Stored items
——

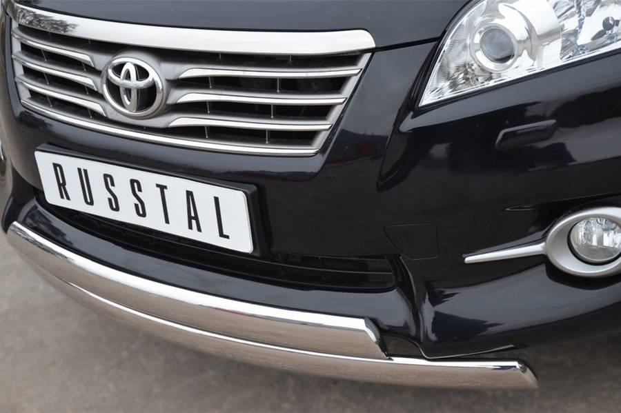 Защита переднего бампера для Toyota RAV 4 (обычная база) 2010- изготовлена из высококачественной нержавеющей стали марки AISI 304, труба имеет диаметр 75/42 мм.
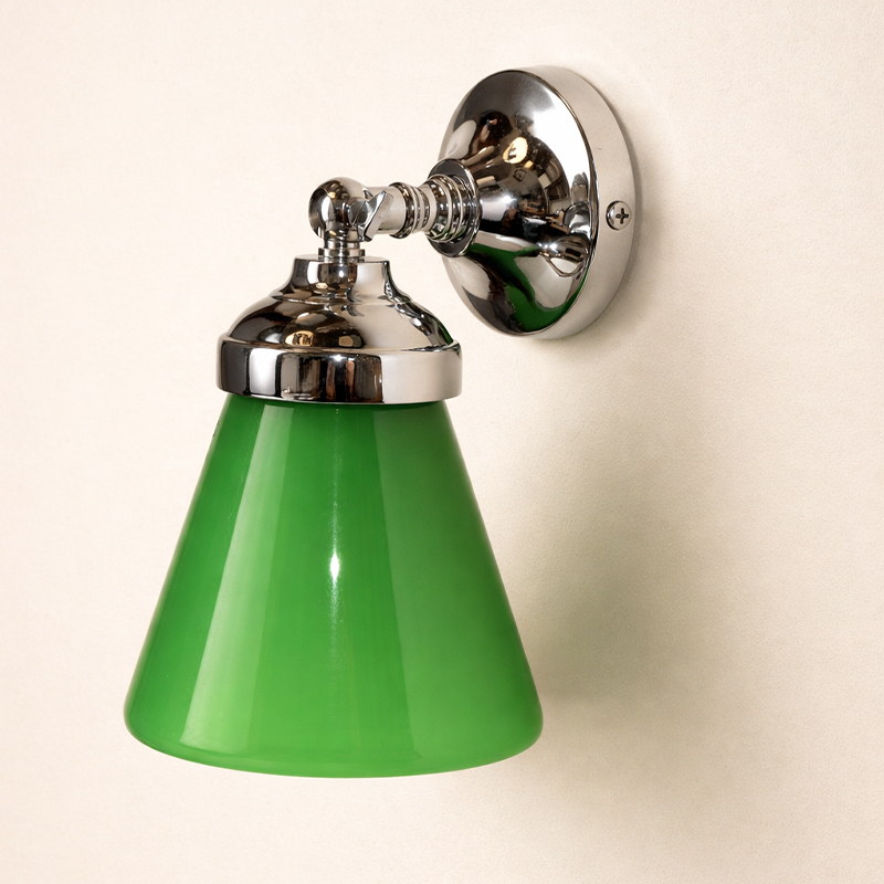 Elemento distintivo è il paralume in vetro, disponibile in diverse forme e finiture (verde, bianco latte oppure prismato), con possibilità di personalizzazione per adattarsi allo stile dell’ambiente.
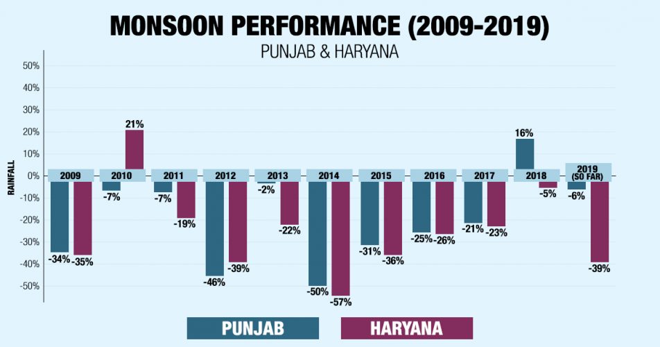 - Haryana has been a rather poor performer in 2019 till now with 39% rain deficiency. Punjab too is on a threshold with 6% rain deficiency.
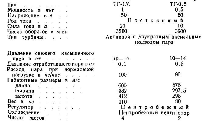 В зависимости от конструкции регулятора, являющегося до настоящего времени больным местом турбогенератора, различают турбогенераторы типа ТГ-1-50 и ТГ-1М. Турбогенераторы первого типа изготовляли до 1948 г., после чего начали изготовлять турбогенераторы типа ТГ-1М.
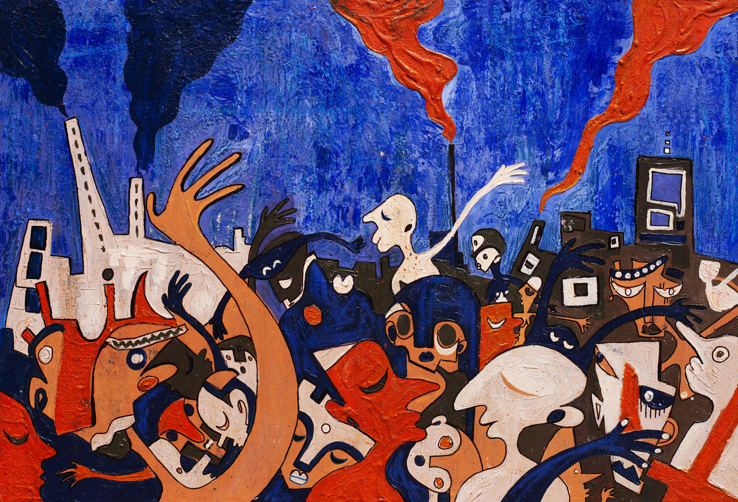 Drawn to her use of bold primary colours and lively themes we knew instantly we wanted to showcase Hiba on our 2022 vintage bottles. The hottest year we’ve had so far in the vineyard (and probably a hard one to beat), we’re confident this vintage is going to be one to remember, and it therefor felt right to represent this with Hiba’s vibrant and passionate artwork. We particularly love her Osmoses collection – a series of colourful paintings and line drawings depicting life in a fast paced and forever more crowded world.
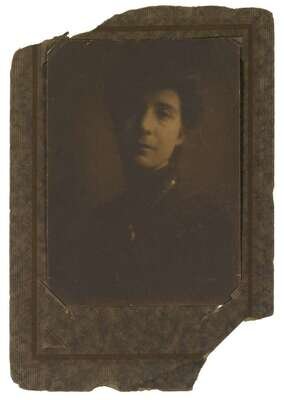 1905, with sitter and photographer's name inscribed verso. Toned platinum print mounted to album card.
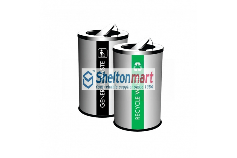 Stainless Steel Recycle Bin Round c/w Flip Top (2 In 1)
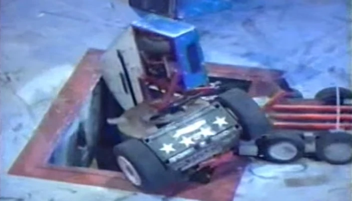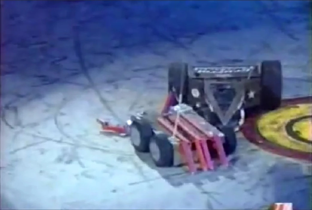 MechaDroid started tentatively by turning and driving towards Darkness, but stopped, before Darkness pushed it across the arena. It recovered to axe and push Techno Trousers into a CPZ, but was attacked by Sgt. Bash before continuing to shove Techno Trousers into Sir Killalot, Darkness and the Pit release button. In doing so, MechaDroid got one of its pincers caught in Techno Trousers' leg, before it and Sgt. Bash pushed and dragged it out of the CPZ near the Pit release button. Darkness, meanwhile, nudged Mechadroid towards the Pit, then fully in, although not without falling in itself. As a result, Mechadroid was eliminated from the US Championship despite its strong performance.

——

→ WHAT IS BEING ASKED:
Write out, exactly and with no pictures, the lines of the data from the first through the line containing "Stainless Steel Recycle".

→ TASK RESPONSE:
 Защита переднего бампера для Toyota RAV 4 (обычная база) 2010- изготовлена из высококачественной нержавеющей стали марки AISI 304, труба имеет диаметр 75/42 мм.
 Elemento distintivo è il paralume in vetro, disponibile in diverse forme e finiture (verde, bianco latte oppure prismato), con possibilità di personalizzazione per adattarsi allo stile dell’ambiente.
 - Haryana has been a rather poor performer in 2019 till now with 39% rain deficiency. Punjab too is on a threshold with 6% rain deficiency.
 В зависимости от конструкции регулятора, являющегося до настоящего времени больным местом турбогенератора, различают турбогенераторы типа ТГ-1-50 и ТГ-1М. Турбогенераторы первого типа изготовляли до 1948 г., после чего начали изготовлять турбогенераторы типа ТГ-1М.
 Drawn to her use of bold primary colours and lively themes we knew instantly we wanted to showcase Hiba on our 2022 vintage bottles. The hottest year we’ve had so far in the vineyard (and probably a hard one to beat), we’re confident this vintage is going to be one to remember, and it therefor felt right to represent this with Hiba’s vibrant and passionate artwork. We particularly love her Osmoses collection – a series of colourful paintings and line drawings depicting life in a fast paced and forever more crowded world.
 1905, with sitter and photographer's name inscribed verso. Toned platinum print mounted to album card.
 Stainless Steel Recycle Bin Round c/w Flip Top (2 In 1)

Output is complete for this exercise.